Y algunos, de los que tienen tiempo para pensar pensamientos y decir cosas, han optado por dejar de lado, por completo, la razón, atrincherándose en la fe y la palabra, como si bastara con “decretar” que se acabe el genocidio en Palestina.
“Decretar” se ha vuelto más y más masivo con los likes de las redes sociales. El problema es cuando creemos que solo basta “decretar”, que solo basta un comunicado para exorcizar la realidad, que es suficiente la tribuna y no la calle, que es mejor un decreto que una acción, que una norma por si sola cambia el mundo, que una cita nos exime, que un discurso nos condena.
Hasta viejos leninistas insisten en la frase “decir también es un hacer”, mientras acusan a los que hacen de pragmatismo, de asistencialismo, de tareismo, cuando, según ellos, debemos hacer una reflexión sesuda en mitad del tsunami.
Un niño con hambre en Gaza no necesita en este momento un discurso sobre los derechos que les prometen -y no cumplen-, como los Convenios de Ginebra; necesita un plato de comida, necesita un calmante, una mano real.
Creo que, además, el “ojalá” funciona ante quienes también aceptan el valor de las palabras, de la oración o de la plegaria; ese no es el caso de Israel al que ni siquiera le importa lo que diga el derecho, mucho menos lo que diga una súplica. Y escoger métodos que sean ineficaces no es un problema de Israel sino de quienes lo enfrentan.

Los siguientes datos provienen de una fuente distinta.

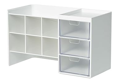 - ペンホルダー、引き出し、小物用仕切りを備えたデスク用収納ケース
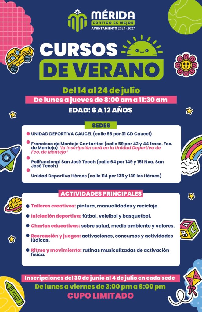 Con una amplia variedad de actividades, diseñadas para fomentar la creatividad, la imaginación y el trabajo en equipo, el Ayuntamiento de Mérida realizará los “Cursos de Verano Mérida 2025” y “Verano Aventuras”, iniciativas para promover la recreación, el aprendizaje y el desarrollo de habilidades de niñas y niños de 6 a 12 años en un ambiente divertido y seguro.

Y así vamos por el mundo: renunciando a la práctica, atrincherados en el «ojalá» como si fuera la única opción, y luego nos quejamos de que el like de las redes sociales no acabó el hambre en África, ni el comunicado evitó la matanza. La discusión semántica nos ha hecho esclavos de la “banalidad del bien”. Ojalá entendiéramos que solo decir no es suficiente.
PD: los pocos burócratas que entienden que hay que pasar de la palabra a la acción a veces creen que escribir es un hacer. HEHF. Ahora, lo importante es el anuncio del hecho y no el hecho mismo. Fin del comunicado.